A Van Gogh painting that was stolen from the Singer Laren Museum in the Netherlands in March 2020 has been recovered. Missing for three and a half years, “The Parsonage Garden at Nuenen in Spring” (1884), also referred to as “Spring Garden,” was confidentially handed off to Dutch art detective Arthur Brand in an IKEA bag on September 11, after multiple calls for return in coordination with the Dutch police’s art crimes unit.
“Spring Garden,” an early-career landscape painting of van Gogh’s prior to the development of his signature Post-Impressionist style, was on loan from the Groninger Museum’s permanent collection at the time of its theft from the Laren institution on March 30, 2020 — what would have been the artist’s 167th birthday. The Singer Laren Museum had been closed to the public due to the Netherlands’s enforced COVID-19 lockdown. Brand, often described as the “Indiana Jones of the art world” for his specialty in recovering high-profile works of stolen art, received two “proof-of-life” photos of the stolen painting later in June that year.

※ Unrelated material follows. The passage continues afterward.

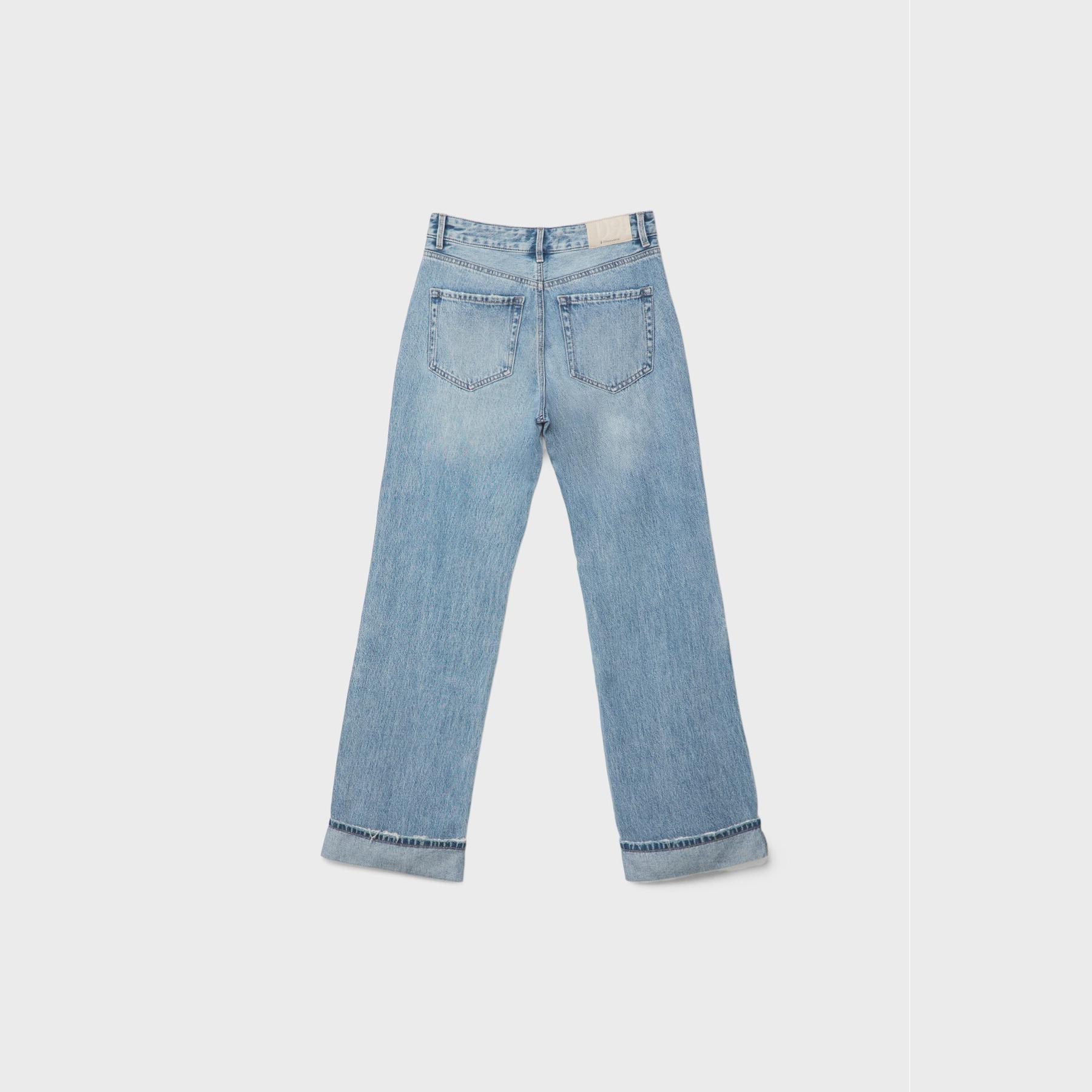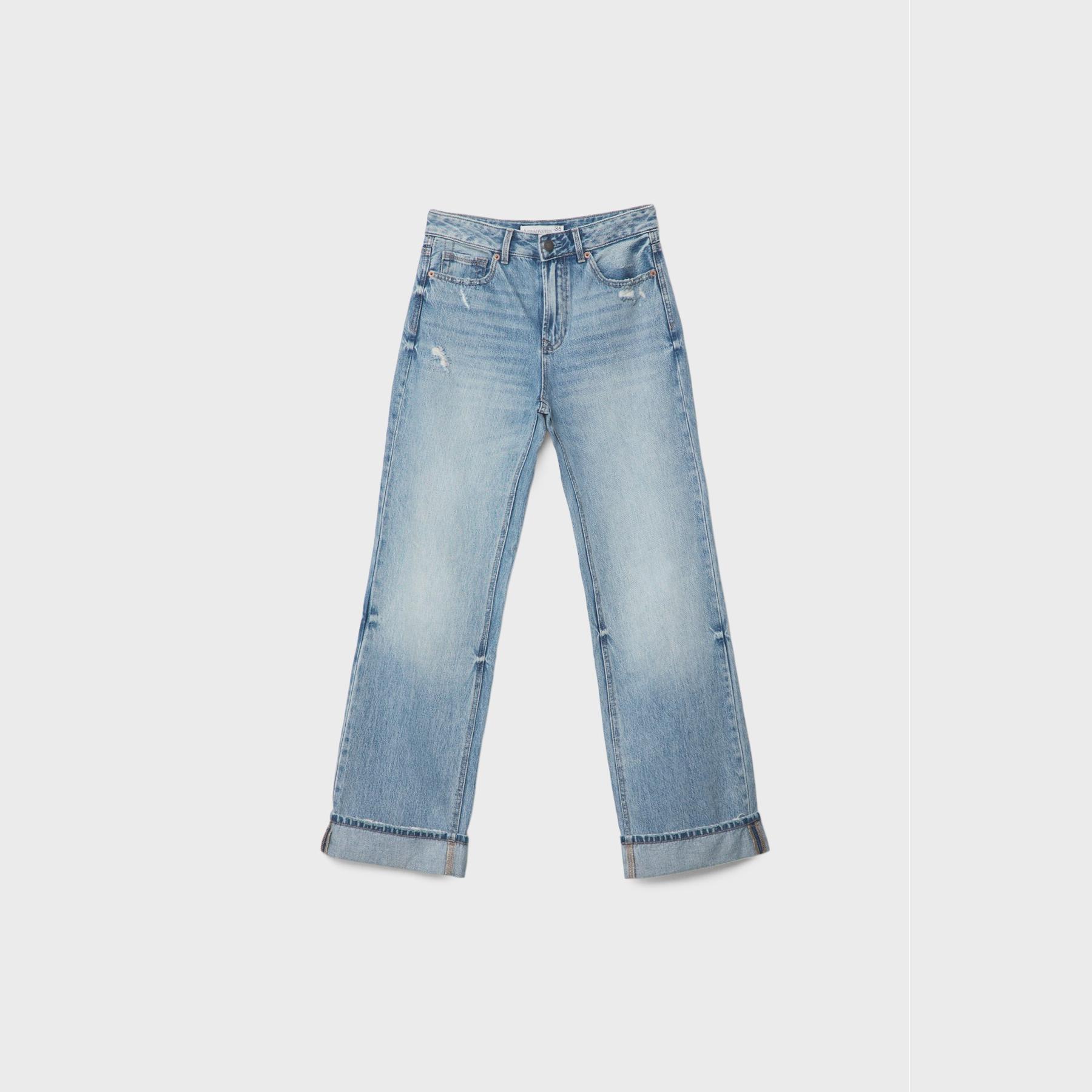 بنطال جينز D92 بقصة مستقيمة واسعة وخصر عالي – أزرق فاتح من Stradivarius

There was radio silence until 2021, when a 59-year-old man identified as Nils M. was arrested and charged with the theft of the van Gogh work as well as a painting by Frans Hals that was stolen from the Hofje van Aerden museum in Leerdam after DNA evidence connected him to both scenes.
Brand shared a video of himself holding the painting on Instagram, announcing that it had been recovered and will be returned to the Groninger Museum. The detective told the Guardian that he had been contacted by someone who claimed to have “Spring Garden” and wanted to return it on the condition that they would not “get into trouble.”

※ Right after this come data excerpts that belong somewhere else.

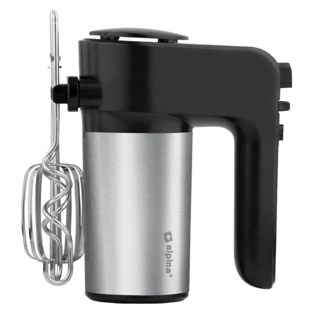 Një mikser dore është një pajisje kuzhine e domosdoshme për këdo që pëlqen gatimin ose pjekjen. Ky mikser dore me ngjyrë argjendi nga Alpina vjen me një kamxhik, kamxhik për brumosje dhe një mbajtëse të integruar ruajtjeje në të cilën mund të klikoni aksesorët kur nuk i përdorni. Në këtë mënyrë ju mbani gjithçka mjeshtërisht së bashku. Përzierësi vjen me një zgjedhje prej 6 cilësimeve të ndryshme të shpejtësisë dhe një funksion turbo. Kjo ju lejon të rrahni çdo brumë derisa të bëhet me gëzof. Përzierësi elektrik i dorës ka një konsum maksimal prej 400 Watts dhe ka përmasa të vogla, kështu që mund ta vendosni në çdo kuzhinë.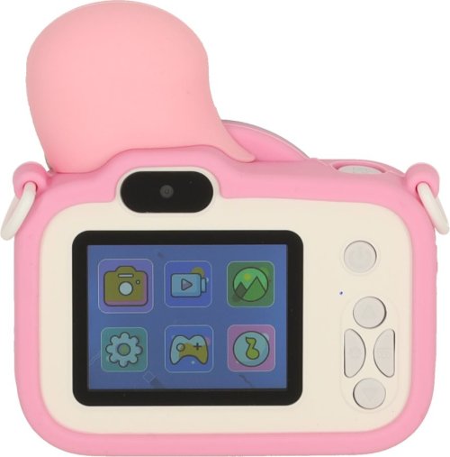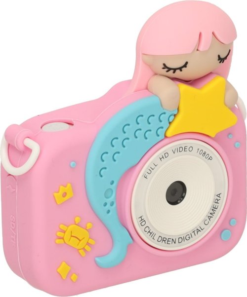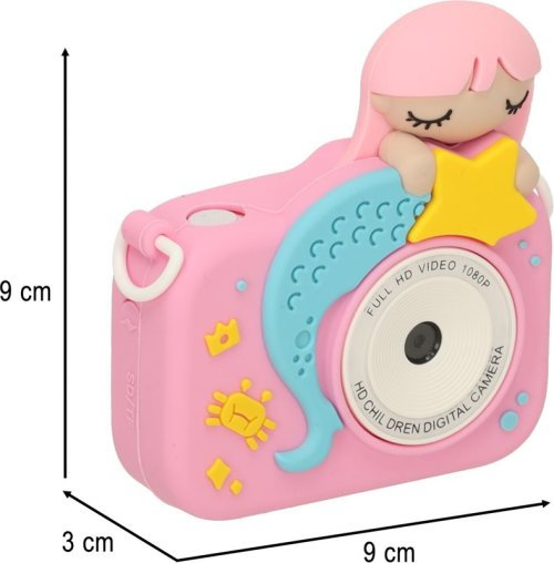 Sýýý r....cvak ! Ružový digitálny fotoaparát pre deti je skvelou voľbou pre malých nadšencov do fotografovania. Fotoaparát ponúka niekoľko funkcií: zhotovovanie fotografií, nahrávanie videí, hry, galériu a hudobný prehrávač. Intuitívne tlačidlá umožňujú ľahké prepínanie medzi režimami. Fotoaparát je vybavený 2'' farebným TFT displejom, ktorý umožňuje zhotovovať fotografie v rozlíšení až 3 Mpx a nahrávať videá v kvalite až 1440×1080. Širokouhlý objektív so 100° zorným poľom zachytí mnoho detailov. Zariadenie podporuje pamäťovú kartu SD (súčasťou balenia) s kapacitou až 32 GB, čo poskytuje dostatok úložného priestoru pre fotografie a videá. Nabíjanie prebieha cez USB kábel. Gumové puzdro v tvare morskej panny chráni zariadenie v prípade pádu. Fotoaparát podporuje rozvoj kreativity a tvorivého myslenia. Technické špecifikácie: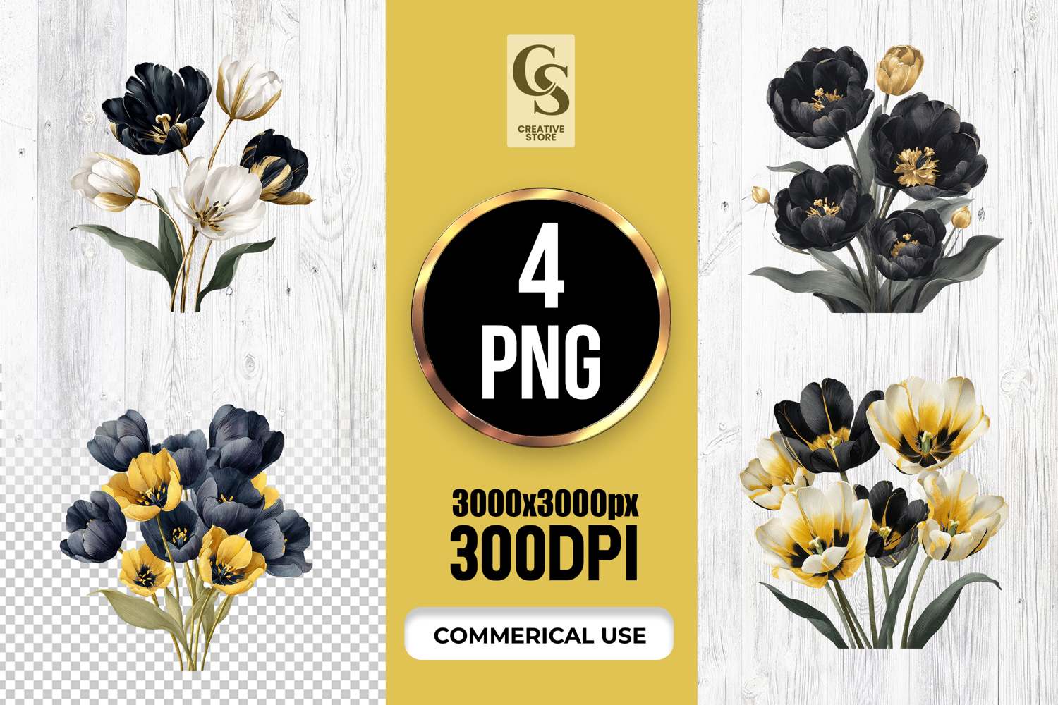 4 Black Gold Tulip Watercolor Clipart Sublimation PNG Files Perfect for Greeting Cards, Invitations, Junk Journal, Party Decor, Scrapbooking and many other craft projects.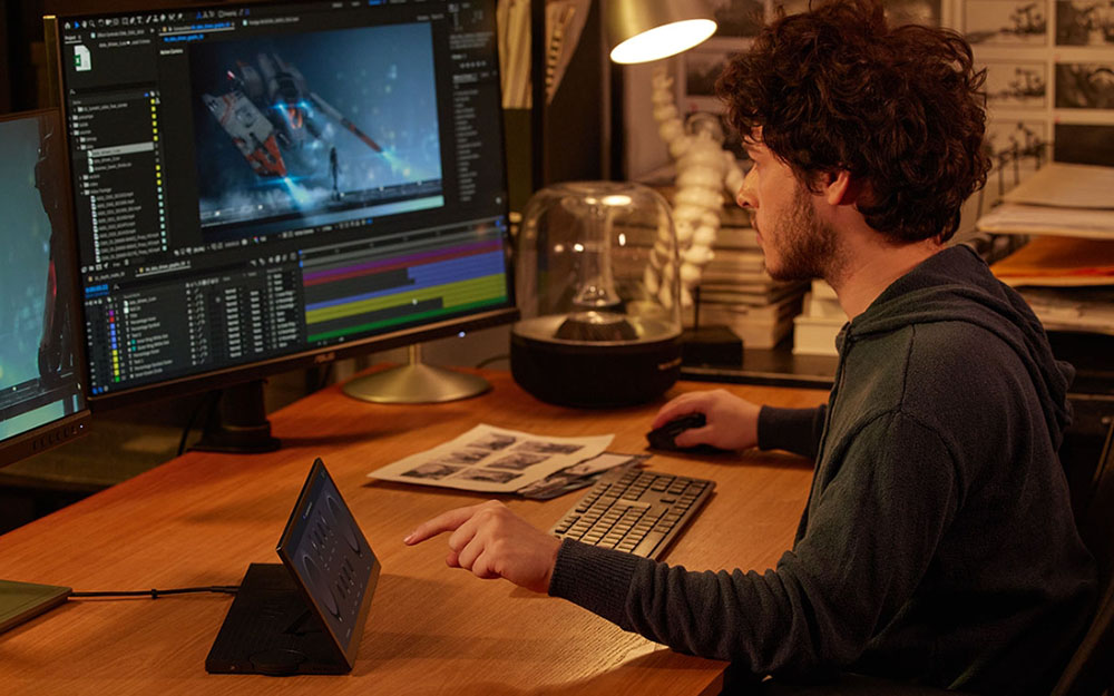 ASUS Dial предназначен для работы с совместимым программным обеспечением Adobe, таким как Photoshop, Photoshop Lightroom Classic, Premiere Pro и After Effects. Настраиваемые сочетания клавиш позволяют увеличивать и уменьшать изображения или регулировать размер кисти, просто поворачивая ASUS Dial. Вы даже можете настроить интерфейс по умолчанию в соответствии со своим стилем работы.
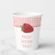 These paper cup are ready to be customised with your own messages with a spot to add a message on the front and on the back. They features a border of pink gingham accented with ripe red strawberries. Your messages appear in coordinating pink lettering.

The person handed over the bubble-wrapped, unframed painting in an IKEA bag at Brand’s doorstep, and it was quickly authenticated by Groninger Museum Director Andreas Blühm, who was waiting at a nearby bar.

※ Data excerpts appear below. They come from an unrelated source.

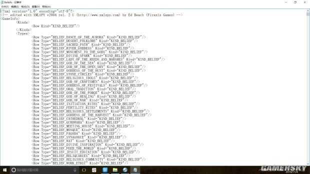 为了方便这个教程的整理,我会按照首字母顺序进行重点解说,第一个来看Beliefs(信条)文件,用记事本打开可以看到是这个样子: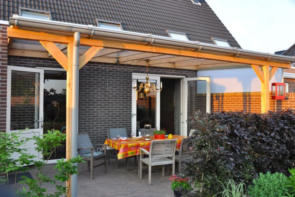 Het daksysteem van de vrijstaande houten overkapping bestaat uit polycarbonaat of 55.2 veiligheidsglas. De polycarbonaat platen weren de zon en zorgen voor een natuurlijke lichtdoorlatendheid. Het voordeel van glasplaten is dat je het vrije zicht behoudt en bovendien zorgt glas voor een luxe uitstraling. Het is mogelijk om de houten constructie te laten beitsen of schilderen. De afwatering gebeurt via siergoot. Deze is verkrijgbaar in het wit of antraciet. Zo kies je zelf voor de vrijstaande houten overkapping die bij jouw situatie past!
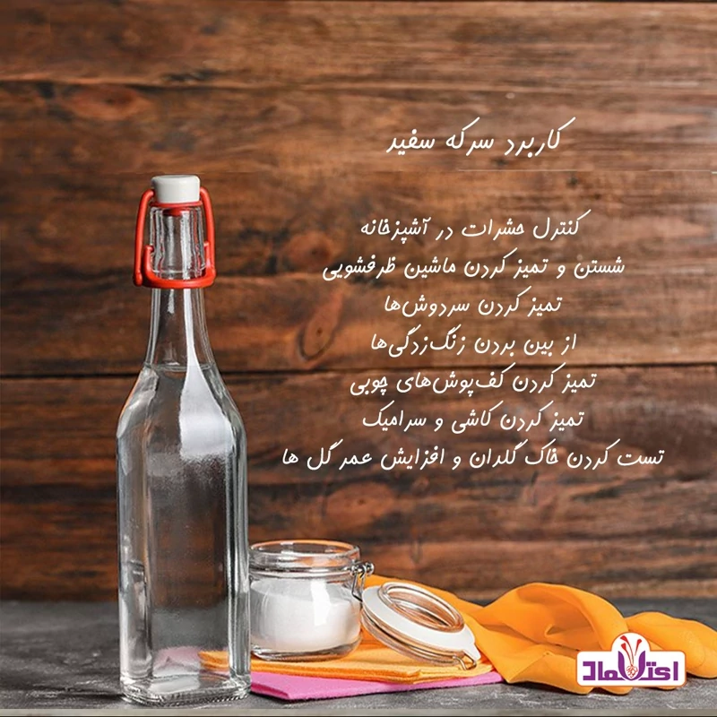 سرکه سفید چیست؟ سرکه سفید یا سرکه الکل یک محلول آبی است که حاوی حدود 5 تا 10 درصد اسید استیک است. اسید استیک یک ترکیب آلی است که از تخمیر الکل به وسیله باکتریهای اسید استیک ایجاد میشود. سرکه سفید معمولاً از تخمیر اتانول یا اتیل الکل که از ذرت، گندم، جو یا سیب تولید میشود، به دست میآید. این سرکه دارای بوی تند و ترش است و در دمای اتاق نگهداری میشود. سرکه سفید را میتوان با آب یا مواد دیگر ترکیب کرد تا درصد اسید آن را تنظیم کرد.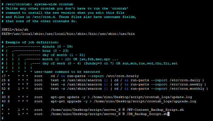 스크립트 파일은 각각 백업주기를 관리하기 쉽게 두개를 제작하였다.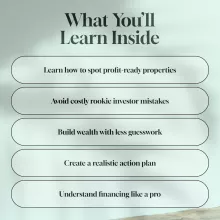 - Instant download—Start learning how to start buying investment properties right away.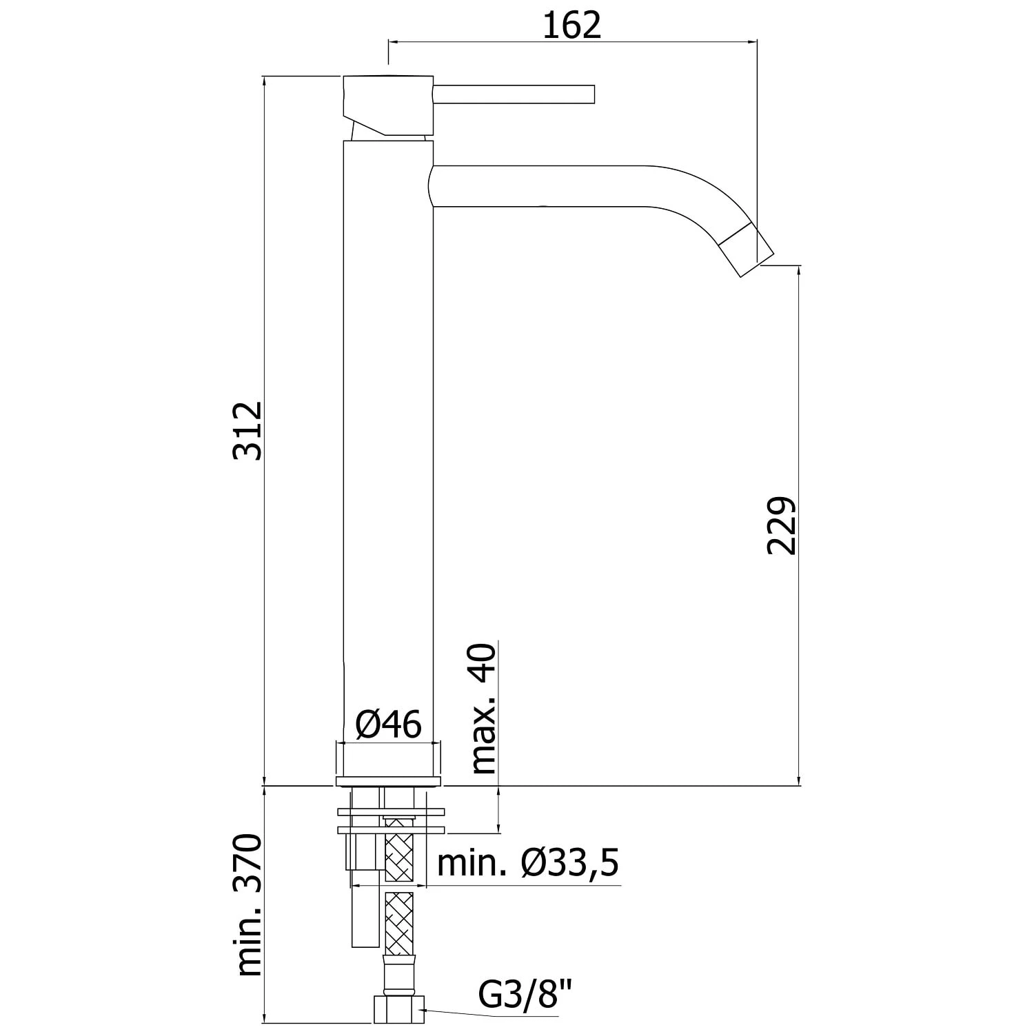 - mit flexiblen Edelstahl-Anschlussschläuchen 3/8″ DVGW zertifiziert (KTW zugelassen) 45 cm

While the oil painting on papered panel sustained some scratches and damages outside of its controlled museum environment, a spokesperson for the Van Gogh Museum in Amsterdam confirmed with Hyperallergic that an “examination is in full progress now” for restorations and repair. Details are sparse at this time due to the ongoing investigation, but a Groninger Museum representative shared that the institution is “very happy with the recovery!”
According to a press release from the Groninger, the painting officially belongs to the insurance company that paid out the valued amount to the museum. However, the institution still retains the rights to the painting and will proudly display it again once the restorations and repairs are completed.